## Provided data
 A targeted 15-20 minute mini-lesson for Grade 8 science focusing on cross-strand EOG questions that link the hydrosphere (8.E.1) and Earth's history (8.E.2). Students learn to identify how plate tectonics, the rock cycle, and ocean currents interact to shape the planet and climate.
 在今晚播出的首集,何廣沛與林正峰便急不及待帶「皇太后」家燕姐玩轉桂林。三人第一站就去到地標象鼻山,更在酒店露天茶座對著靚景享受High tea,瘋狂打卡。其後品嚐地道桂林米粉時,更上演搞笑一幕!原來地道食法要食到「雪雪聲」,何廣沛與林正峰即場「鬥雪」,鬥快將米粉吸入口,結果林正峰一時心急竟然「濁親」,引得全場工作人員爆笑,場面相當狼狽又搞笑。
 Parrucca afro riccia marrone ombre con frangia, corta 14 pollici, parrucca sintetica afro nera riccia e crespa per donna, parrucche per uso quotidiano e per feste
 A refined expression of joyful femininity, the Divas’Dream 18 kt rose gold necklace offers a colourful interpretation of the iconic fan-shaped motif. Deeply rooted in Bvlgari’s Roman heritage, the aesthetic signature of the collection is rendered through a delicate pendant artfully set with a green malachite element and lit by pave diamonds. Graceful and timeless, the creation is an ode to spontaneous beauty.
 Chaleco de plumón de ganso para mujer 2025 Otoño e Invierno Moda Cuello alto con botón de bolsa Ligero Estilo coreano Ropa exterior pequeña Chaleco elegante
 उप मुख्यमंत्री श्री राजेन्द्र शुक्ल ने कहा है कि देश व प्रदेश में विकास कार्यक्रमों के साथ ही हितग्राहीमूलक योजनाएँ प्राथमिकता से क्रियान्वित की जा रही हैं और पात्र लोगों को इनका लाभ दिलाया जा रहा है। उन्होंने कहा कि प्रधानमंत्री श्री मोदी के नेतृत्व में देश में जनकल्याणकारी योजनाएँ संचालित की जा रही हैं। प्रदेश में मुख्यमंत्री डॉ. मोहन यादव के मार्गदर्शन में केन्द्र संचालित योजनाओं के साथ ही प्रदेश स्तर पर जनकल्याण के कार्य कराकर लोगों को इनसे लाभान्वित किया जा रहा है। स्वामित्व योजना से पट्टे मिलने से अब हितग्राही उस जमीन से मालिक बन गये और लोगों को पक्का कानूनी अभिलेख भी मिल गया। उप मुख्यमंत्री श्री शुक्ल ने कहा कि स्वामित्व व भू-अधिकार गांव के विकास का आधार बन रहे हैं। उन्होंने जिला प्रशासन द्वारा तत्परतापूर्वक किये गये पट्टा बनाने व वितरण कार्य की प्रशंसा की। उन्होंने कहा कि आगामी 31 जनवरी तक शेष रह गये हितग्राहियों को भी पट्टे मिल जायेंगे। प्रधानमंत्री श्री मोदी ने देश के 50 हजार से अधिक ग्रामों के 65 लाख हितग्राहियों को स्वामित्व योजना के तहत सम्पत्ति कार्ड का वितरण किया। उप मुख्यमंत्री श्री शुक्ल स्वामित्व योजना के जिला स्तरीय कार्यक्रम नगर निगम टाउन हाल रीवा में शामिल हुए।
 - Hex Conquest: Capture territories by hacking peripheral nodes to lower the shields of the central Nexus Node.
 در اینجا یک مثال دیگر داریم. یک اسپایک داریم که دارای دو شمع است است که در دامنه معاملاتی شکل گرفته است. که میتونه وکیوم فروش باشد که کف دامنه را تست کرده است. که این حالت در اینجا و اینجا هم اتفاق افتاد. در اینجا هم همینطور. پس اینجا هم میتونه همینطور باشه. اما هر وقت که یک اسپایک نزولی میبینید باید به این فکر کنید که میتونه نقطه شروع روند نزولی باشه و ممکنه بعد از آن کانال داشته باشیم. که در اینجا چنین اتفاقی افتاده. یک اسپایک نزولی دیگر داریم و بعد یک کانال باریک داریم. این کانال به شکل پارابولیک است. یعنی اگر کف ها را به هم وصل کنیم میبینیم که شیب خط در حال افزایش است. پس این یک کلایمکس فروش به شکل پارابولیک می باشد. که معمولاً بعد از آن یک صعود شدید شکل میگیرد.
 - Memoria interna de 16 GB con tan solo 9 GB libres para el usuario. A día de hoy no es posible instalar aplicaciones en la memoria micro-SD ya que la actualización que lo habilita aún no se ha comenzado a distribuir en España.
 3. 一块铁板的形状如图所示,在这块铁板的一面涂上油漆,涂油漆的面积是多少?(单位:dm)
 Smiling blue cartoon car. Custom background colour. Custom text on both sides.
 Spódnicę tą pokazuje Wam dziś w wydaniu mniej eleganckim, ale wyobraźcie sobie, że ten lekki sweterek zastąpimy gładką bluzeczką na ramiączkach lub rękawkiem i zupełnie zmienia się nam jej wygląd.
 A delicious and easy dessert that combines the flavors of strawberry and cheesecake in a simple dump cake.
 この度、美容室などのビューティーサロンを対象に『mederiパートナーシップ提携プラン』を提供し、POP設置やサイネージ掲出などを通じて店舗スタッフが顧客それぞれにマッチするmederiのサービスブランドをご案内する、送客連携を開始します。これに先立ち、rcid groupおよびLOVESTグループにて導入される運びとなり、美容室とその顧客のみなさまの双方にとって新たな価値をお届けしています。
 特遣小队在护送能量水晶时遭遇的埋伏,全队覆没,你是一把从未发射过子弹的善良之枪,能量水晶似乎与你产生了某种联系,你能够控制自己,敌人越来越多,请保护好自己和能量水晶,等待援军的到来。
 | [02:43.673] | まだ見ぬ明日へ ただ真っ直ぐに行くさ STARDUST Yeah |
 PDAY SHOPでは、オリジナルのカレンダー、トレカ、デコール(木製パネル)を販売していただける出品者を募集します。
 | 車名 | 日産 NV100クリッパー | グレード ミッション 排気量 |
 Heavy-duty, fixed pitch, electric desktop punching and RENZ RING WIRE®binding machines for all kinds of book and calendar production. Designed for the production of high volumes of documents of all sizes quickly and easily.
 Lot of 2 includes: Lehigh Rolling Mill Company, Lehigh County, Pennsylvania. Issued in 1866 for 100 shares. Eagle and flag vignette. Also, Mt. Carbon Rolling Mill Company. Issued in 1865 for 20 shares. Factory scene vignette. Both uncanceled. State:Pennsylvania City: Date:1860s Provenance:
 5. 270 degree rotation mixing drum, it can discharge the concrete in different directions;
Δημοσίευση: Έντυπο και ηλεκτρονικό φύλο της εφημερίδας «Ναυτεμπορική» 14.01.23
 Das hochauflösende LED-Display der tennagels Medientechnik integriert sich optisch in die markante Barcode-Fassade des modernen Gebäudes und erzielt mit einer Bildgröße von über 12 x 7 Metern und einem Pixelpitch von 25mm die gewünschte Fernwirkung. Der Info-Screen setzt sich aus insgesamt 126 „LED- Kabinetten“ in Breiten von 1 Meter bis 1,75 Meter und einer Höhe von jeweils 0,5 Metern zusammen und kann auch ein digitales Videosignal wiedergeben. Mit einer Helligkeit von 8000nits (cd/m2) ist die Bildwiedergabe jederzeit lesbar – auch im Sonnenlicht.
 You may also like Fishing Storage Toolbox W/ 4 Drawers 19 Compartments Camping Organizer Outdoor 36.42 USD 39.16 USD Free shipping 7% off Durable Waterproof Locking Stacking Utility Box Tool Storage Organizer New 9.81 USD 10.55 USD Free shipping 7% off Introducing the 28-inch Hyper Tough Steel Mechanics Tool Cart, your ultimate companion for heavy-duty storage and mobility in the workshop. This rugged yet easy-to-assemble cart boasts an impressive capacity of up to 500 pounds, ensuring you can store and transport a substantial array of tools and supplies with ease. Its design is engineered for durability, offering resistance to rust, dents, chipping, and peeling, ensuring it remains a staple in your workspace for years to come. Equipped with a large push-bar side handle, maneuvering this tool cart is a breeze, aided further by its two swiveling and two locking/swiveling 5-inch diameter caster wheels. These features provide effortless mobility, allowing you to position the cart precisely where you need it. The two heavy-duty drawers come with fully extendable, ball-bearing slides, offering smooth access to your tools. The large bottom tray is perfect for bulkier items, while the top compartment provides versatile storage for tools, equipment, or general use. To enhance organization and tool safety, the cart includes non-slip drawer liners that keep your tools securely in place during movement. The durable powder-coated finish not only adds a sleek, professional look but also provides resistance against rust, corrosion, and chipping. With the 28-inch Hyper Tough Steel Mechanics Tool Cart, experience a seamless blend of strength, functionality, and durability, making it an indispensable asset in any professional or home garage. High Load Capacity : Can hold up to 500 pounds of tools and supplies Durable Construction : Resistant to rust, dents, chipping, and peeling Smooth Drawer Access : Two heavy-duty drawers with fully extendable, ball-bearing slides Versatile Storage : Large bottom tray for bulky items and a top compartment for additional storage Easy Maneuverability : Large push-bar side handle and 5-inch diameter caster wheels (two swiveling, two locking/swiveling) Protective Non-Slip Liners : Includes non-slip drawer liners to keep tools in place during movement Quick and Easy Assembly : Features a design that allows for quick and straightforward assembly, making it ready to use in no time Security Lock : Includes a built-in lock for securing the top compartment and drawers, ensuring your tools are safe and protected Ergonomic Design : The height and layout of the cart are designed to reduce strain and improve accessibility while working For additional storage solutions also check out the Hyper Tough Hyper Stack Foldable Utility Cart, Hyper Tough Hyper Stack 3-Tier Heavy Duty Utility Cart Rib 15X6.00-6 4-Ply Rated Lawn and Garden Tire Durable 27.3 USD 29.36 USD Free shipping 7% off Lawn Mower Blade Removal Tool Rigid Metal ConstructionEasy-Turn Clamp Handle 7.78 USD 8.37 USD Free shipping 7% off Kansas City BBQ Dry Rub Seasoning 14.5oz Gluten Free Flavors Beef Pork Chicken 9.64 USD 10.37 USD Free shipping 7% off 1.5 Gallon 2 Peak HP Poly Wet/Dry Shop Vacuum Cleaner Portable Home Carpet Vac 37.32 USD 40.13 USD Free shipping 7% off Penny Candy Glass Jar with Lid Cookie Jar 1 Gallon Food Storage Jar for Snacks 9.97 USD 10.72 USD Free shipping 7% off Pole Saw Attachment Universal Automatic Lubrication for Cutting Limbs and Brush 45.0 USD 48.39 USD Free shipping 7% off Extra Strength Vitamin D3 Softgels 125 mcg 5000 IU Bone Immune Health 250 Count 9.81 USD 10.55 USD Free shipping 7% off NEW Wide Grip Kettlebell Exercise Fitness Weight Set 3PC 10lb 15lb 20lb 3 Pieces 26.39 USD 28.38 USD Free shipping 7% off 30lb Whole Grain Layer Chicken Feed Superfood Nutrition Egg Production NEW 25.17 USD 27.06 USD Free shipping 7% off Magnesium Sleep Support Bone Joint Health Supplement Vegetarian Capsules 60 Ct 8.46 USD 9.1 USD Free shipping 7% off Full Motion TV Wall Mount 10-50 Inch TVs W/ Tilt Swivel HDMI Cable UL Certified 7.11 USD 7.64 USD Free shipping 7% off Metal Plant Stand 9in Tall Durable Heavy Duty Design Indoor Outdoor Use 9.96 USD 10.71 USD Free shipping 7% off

## Directions for this task
Each line from the beginning of the entries to the line with "Chaleco de plumón" must be repeated exactly, with both end lines kept and no other lines given.

## Expected answer
 A targeted 15-20 minute mini-lesson for Grade 8 science focusing on cross-strand EOG questions that link the hydrosphere (8.E.1) and Earth's history (8.E.2). Students learn to identify how plate tectonics, the rock cycle, and ocean currents interact to shape the planet and climate.
 在今晚播出的首集,何廣沛與林正峰便急不及待帶「皇太后」家燕姐玩轉桂林。三人第一站就去到地標象鼻山,更在酒店露天茶座對著靚景享受High tea,瘋狂打卡。其後品嚐地道桂林米粉時,更上演搞笑一幕!原來地道食法要食到「雪雪聲」,何廣沛與林正峰即場「鬥雪」,鬥快將米粉吸入口,結果林正峰一時心急竟然「濁親」,引得全場工作人員爆笑,場面相當狼狽又搞笑。
 Parrucca afro riccia marrone ombre con frangia, corta 14 pollici, parrucca sintetica afro nera riccia e crespa per donna, parrucche per uso quotidiano e per feste
 A refined expression of joyful femininity, the Divas’Dream 18 kt rose gold necklace offers a colourful interpretation of the iconic fan-shaped motif. Deeply rooted in Bvlgari’s Roman heritage, the aesthetic signature of the collection is rendered through a delicate pendant artfully set with a green malachite element and lit by pave diamonds. Graceful and timeless, the creation is an ode to spontaneous beauty.
 Chaleco de plumón de ganso para mujer 2025 Otoño e Invierno Moda Cuello alto con botón de bolsa Ligero Estilo coreano Ropa exterior pequeña Chaleco elegante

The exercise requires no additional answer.